“Abbiamo corrotto qualche pubblico ministero, qualche procuratore generale, e abbiamo aggiustato qualche processo molto importante”. Era il marzo del 2016 e l’ex boss Carmelo D’Amico, deponendo al processo a carico di Enrico Fumia per l’omicidio di Antonino “Ninì” Rottino, ucciso nella faida interna ai mazzarroti, nel 2016, così cominciò le sue clamorose rivelazioni sulle “coperture” di cui godeva il clan di Barcellona.
Un capitolo oggi al vaglio degli investigatori, quello dei rapporti tra i barcellonesi, le istituzioni e la politica, in parte riversato in un primo atto visibile, l’avviso di garanzia all’ex PM di Barcellona Olindo Canali.

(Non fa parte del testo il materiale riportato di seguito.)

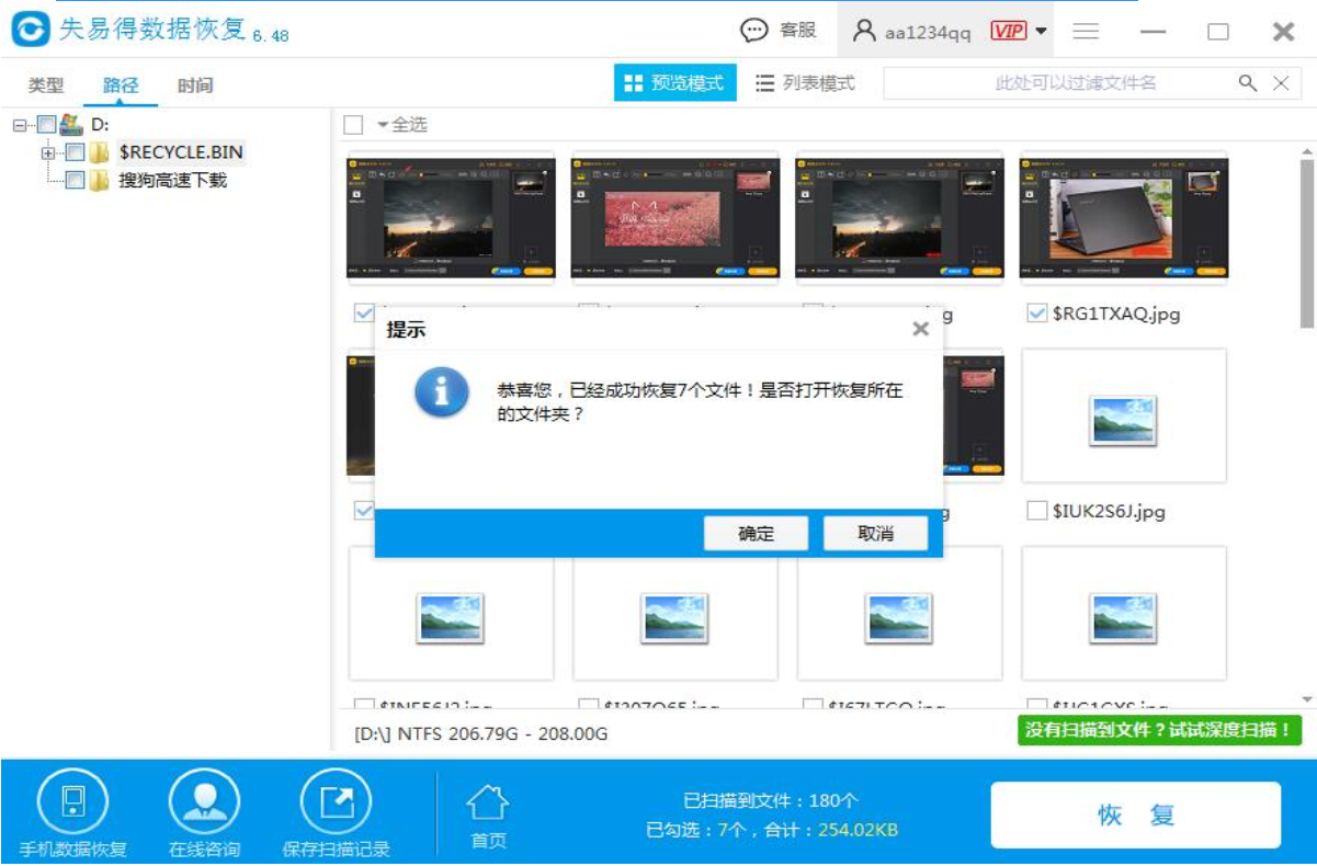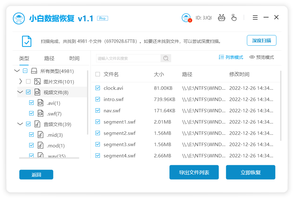 5、勾選這些需要恢復并且預覽正常的文件,點擊【恢復】按鈕,選擇好恢復路徑,就可以把文件恢復出來了。
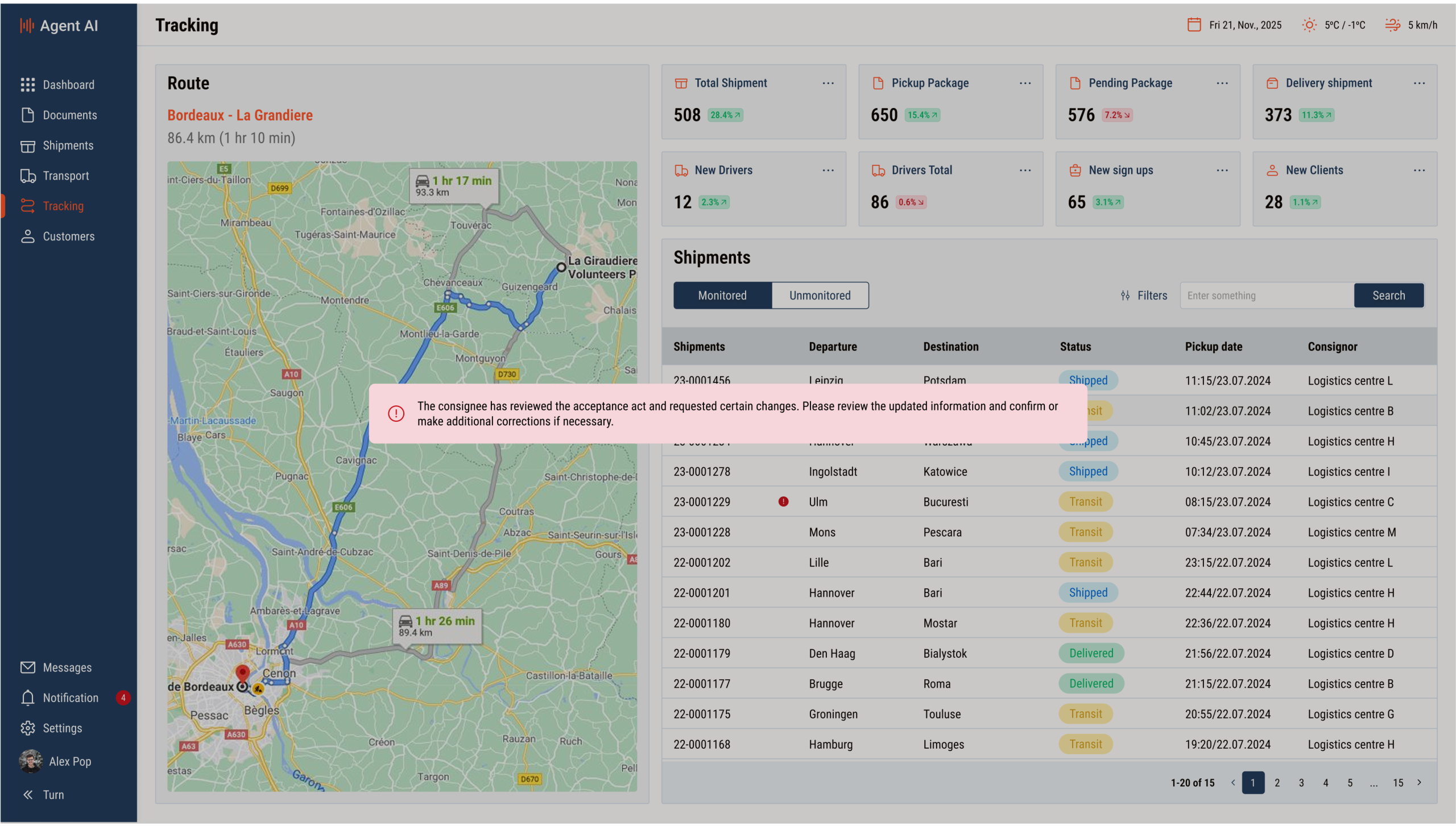 A custom AI logistics agent was designed and implemented to automate document processing, shipment coordination, multilingual communication, and risk analytics with full integration into the existing TMS.

Il magistrato è indagato per corruzione in atti giudiziari e ora sarà ascoltato dalla Procura di Reggio Calabria.
D’Amico lo ha accusato insieme ad un altro alto magistrato, dichiarando che Canali avrebbe ricevuto almeno 100 milioni di euro per “aggiustare” alcune posizioni. “La nostra organizzazione ha aggiustato diversi processi, abbiamo corrotto qualche giudizio di cui ne ho parlato, abbiamo corrotto qualche pubblico ministero, qualche procuratore generale e abbiamo aggiustato qualche processo molto importante e quindi c’era possibilità che io sarei potuto uscire dal carcere…”, ha detto D’Amico nel 2016 rispondendo in aula alle domande del PM Francesco Massara.
Il processo era quello per il triplice omicidio Geraci-Raimondo-Martino del 4 settembre 1993: alla stazione di Barcellona i tre ragazzi di Milazzo erano stati giustiziati perché “sconfinavano”a Barcellona per rubare. Autoaccusandosi del delitto, l’ex capo dell’ala militare di Cosa nostra del Longano ha raccontato di aver fatto arrivare a Canali una parte di quel denaro, quando si occupava del caso come applicato di DDA, insieme ad un altro collega.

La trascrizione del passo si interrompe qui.